I was thinking about using some map $\phi_b:G\to G$ defined by $\phi_b(g)=gb-bg$ and use some kind of properties closure under continuous maps but I can't quite get it.
Any ideas ?
 A: All $T_0$ topological groups are Hausdorff. And, in all Hausdorff topological groups, it is true that $A \leq Z(B)$ implies $\overline{A} \leq Z(\overline{B})$.
By your definition, all algebraic groups are $T_0$ (the Zariski topology on a quasi-affine variety always is), but only finite algebraic groups will be Hausdorff. So, most of the algebraic groups you want to consider will not be topological groups.
However, your algebraic groups are group objects in the category of quasi-affine varieties over $\mathbb{C}$. So, we can try to translate the argument for topological groups to the category of quasi-affine varieties, and this works!

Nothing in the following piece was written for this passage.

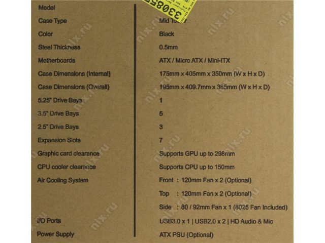 | Предустановленные вентиляторы | 1 вентилятор: 80 x 80 мм (на задней панели) |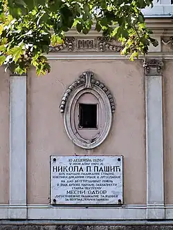 Commemorating 10th anniversary of his death, a white marble plaque was placed on the façade on 10 December 1936. It was placed by the local branch of the Yugoslav Radical Union with the inscription: On 10 December 1926 in this home died Nikola P. Pašić, leader of the People's Radical Party and great statesman of Serbia and Yugoslavia. On the day of the 10th commemorative anniversary, as a sign of deep national gratitude, this plaque is being placed by the Local Board of the Yugoslav Radical Union for Belgrade, Zemun and Pančevo.[1]

Let $G$ be a closed subgroup of $\operatorname{GL}_n(\mathbb{C})$. The map $c = (x,y) \mapsto xyx^{-1}y^{-1} : \operatorname{GL}_n(\mathbb{C}) \times \operatorname{GL}_n(\mathbb{C}) \to \operatorname{GL}_n(\mathbb{C})$ is continuous, where $\operatorname{GL}_n(\mathbb{C}) \times \operatorname{GL}_n(\mathbb{C})$ is the product variety.
$A \leq Z(B)$ is equivalent to the following two conditions:

*

*$A \leq B$

*$A \times B \leq c^{-1}(I)$.

The first condition implies that $\overline{A} \leq \overline{B}$. Since $\{I\}$ is closed in $\operatorname{GL}_n(\mathbb{C})$, the second condition implies that $\overline{A \times B} \leq c^{-1}(I)$. So, it suffices to show that $\overline{A} \times \overline{B} \leq \overline{A \times B}$.
Let $(x,y) \in \overline{A} \times \overline{B}$ be arbitrary. Let $f$ be a regular function on $\operatorname{GL}_n(\mathbb{C}) \times \operatorname{GL}_n(\mathbb{C})$ and suppose $f$ vanishes on $A \times B$. Then for all $a \in A$, the function $y \mapsto f(a,y) : \operatorname{GL}_n(\mathbb{C}) \to \operatorname{GL}_n(\mathbb{C})$ vanishes on $B$, so it vanishes on $\overline{B}$. Now for all $b \in \overline{B}$, the function $x \mapsto f(x,b)$ vanishes on $A$, so it vanishes on $\overline{A}$. We conclude that $f$ vanishes on $\overline{A} \times \overline{B}$. Since $f$ was arbitrary, this shows that $\overline{A} \times \overline{B} \leq \overline{A \times B}$, as desired. $\square$